From the first line to the last, copy the data exactly and drop the pictures.

Information shown:

BEGIN

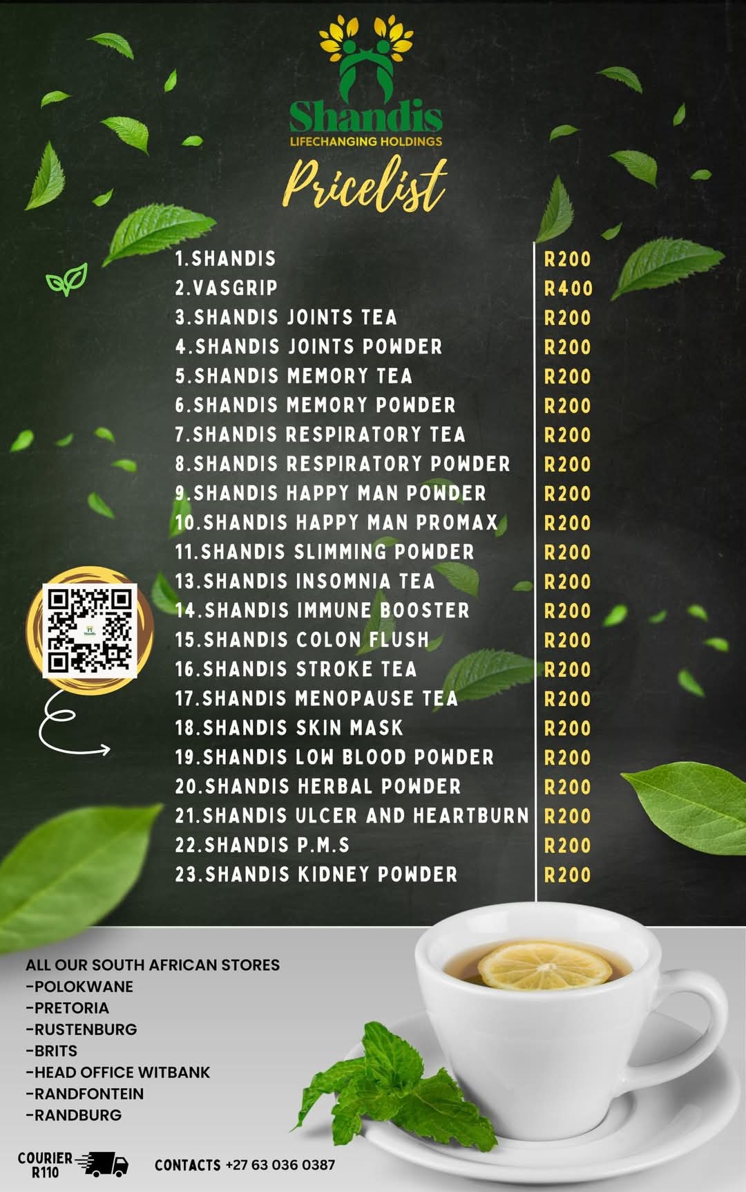 Shandis Lifechanging Holdings PTY-LTD was established in August 2023. We are based in Witbank, also known as Emalahleni. We have 10 Branches across the country. The name Shandis is derived from customer feedback, so a client who used our remedies and didn’t want people to know our secret will just say that Shandis, you gave me worked.”Re aga malapa, meaning we are uniting families.
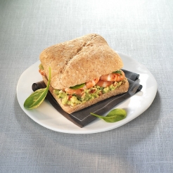 4 Brasserie Burger Jacquet - 200 g de crevettes roses décortiquées - 1 avocat - 1 oignon nouveau - 1 tomate - 1 gousse d'ail hachée - 1 petit piment oiseau - 50 g de pousses d'épinards - 1/2 citron vert - 2 pincées de cumin moulu - 4 brins de coriandre gluten
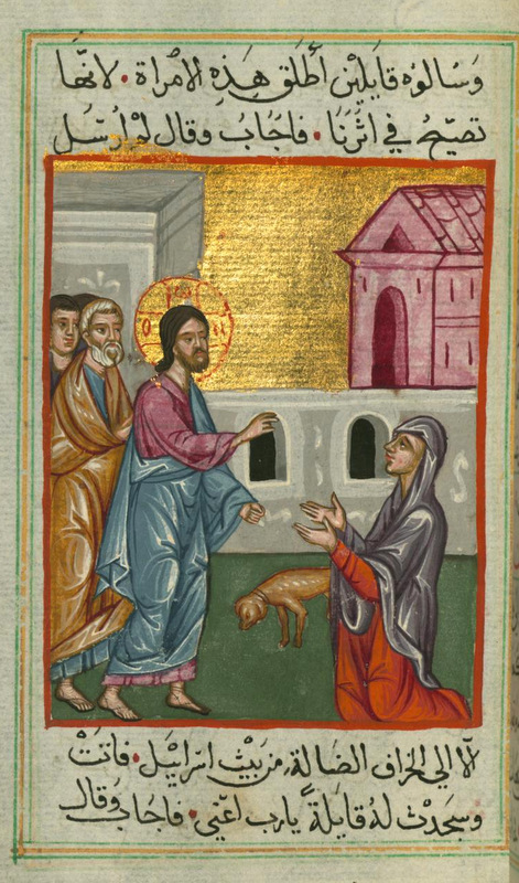 - Ilyas Basim Khuri Bazzi Rahib, miniature, 1684, Manuscrit W592, Walters Art Museum, Baltimore, États-Unis. Les miniatures de ce manuscrit des Évangiles, en arabe, ont été réalisées par un moine copte en Égypte. La Cananéenne est agenouillée mais bien droite, les mains tendues; un chien est à son côté. Jésus s’adresse à elle; Pierre et Jean sont derrière lui. À l’arrière-plan, des éléments architecturaux sont présents.
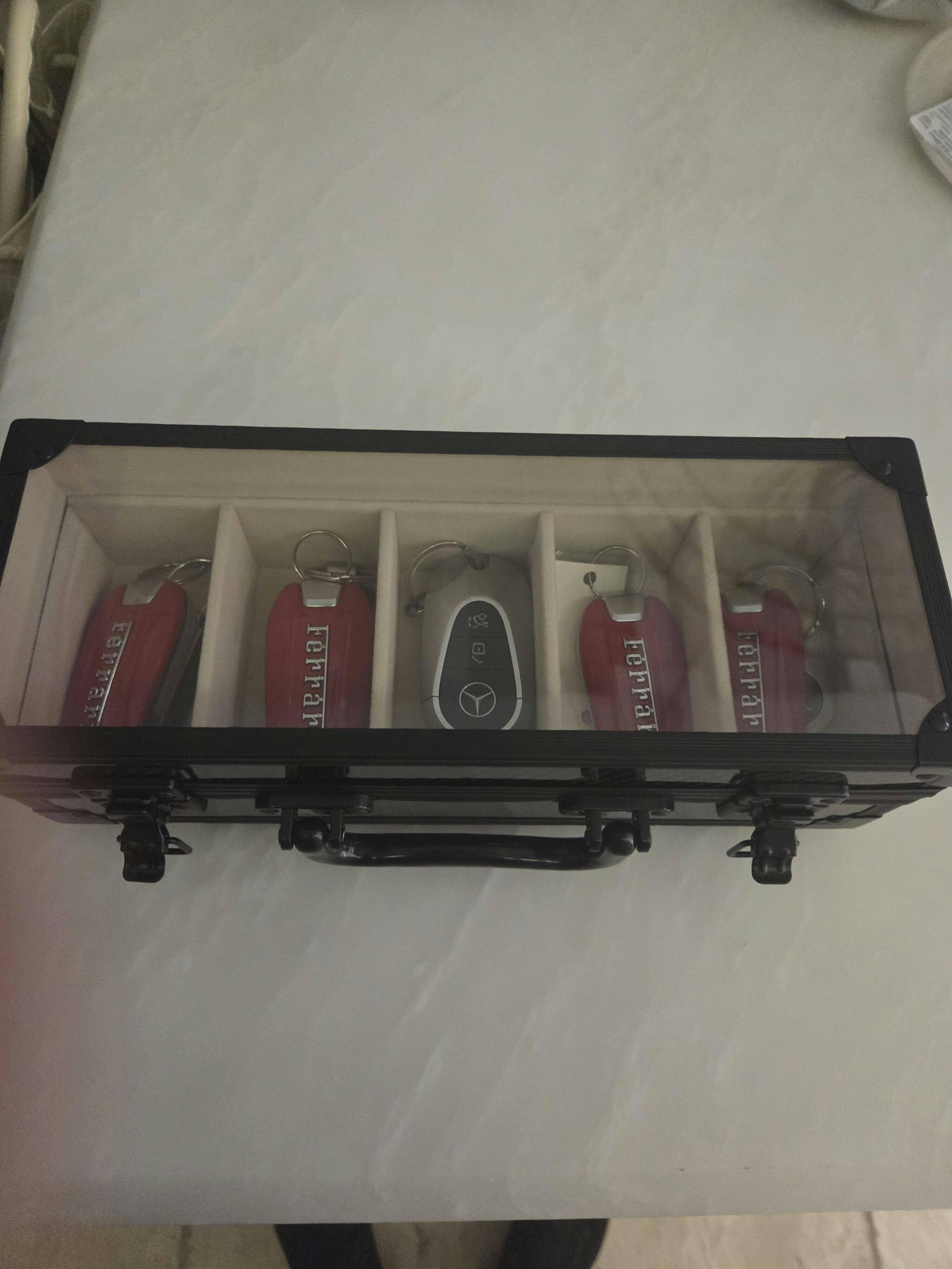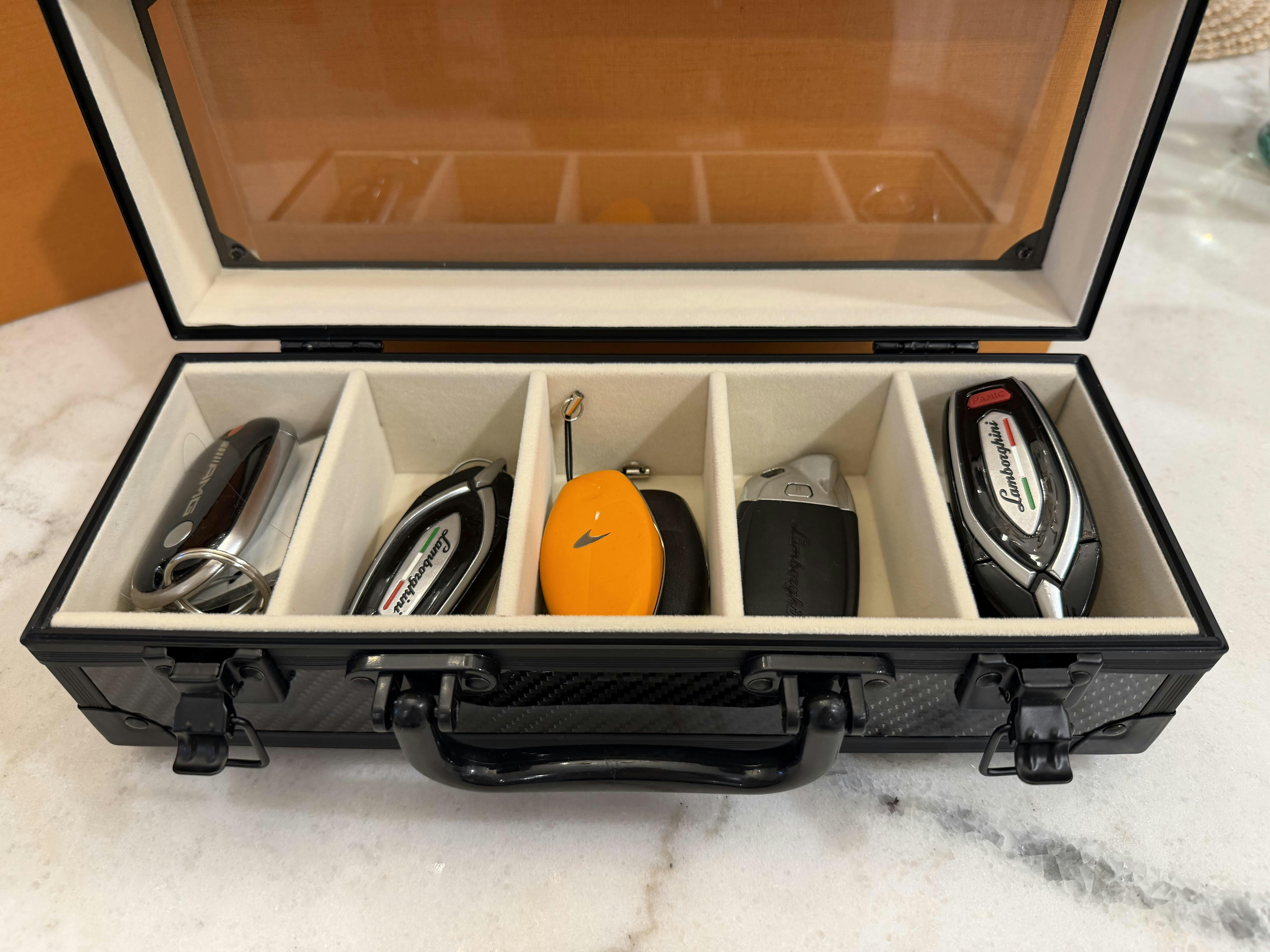 The Carbon-Haus Motorcasè is a real 3K carbon fiber key box with a clear acrylic lid. Holds 5 keys. Solid, planted, built to last. Inside, a cream leatherette lining — inspired by the elegance of a Rolex watch case — holds each key in luxury.

END

Task output:
 Shandis Lifechanging Holdings PTY-LTD was established in August 2023. We are based in Witbank, also known as Emalahleni. We have 10 Branches across the country. The name Shandis is derived from customer feedback, so a client who used our remedies and didn’t want people to know our secret will just say that Shandis, you gave me worked.”Re aga malapa, meaning we are uniting families.
 4 Brasserie Burger Jacquet - 200 g de crevettes roses décortiquées - 1 avocat - 1 oignon nouveau - 1 tomate - 1 gousse d'ail hachée - 1 petit piment oiseau - 50 g de pousses d'épinards - 1/2 citron vert - 2 pincées de cumin moulu - 4 brins de coriandre gluten
 - Ilyas Basim Khuri Bazzi Rahib, miniature, 1684, Manuscrit W592, Walters Art Museum, Baltimore, États-Unis. Les miniatures de ce manuscrit des Évangiles, en arabe, ont été réalisées par un moine copte en Égypte. La Cananéenne est agenouillée mais bien droite, les mains tendues; un chien est à son côté. Jésus s’adresse à elle; Pierre et Jean sont derrière lui. À l’arrière-plan, des éléments architecturaux sont présents.
 The Carbon-Haus Motorcasè is a real 3K carbon fiber key box with a clear acrylic lid. Holds 5 keys. Solid, planted, built to last. Inside, a cream leatherette lining — inspired by the elegance of a Rolex watch case — holds each key in luxury.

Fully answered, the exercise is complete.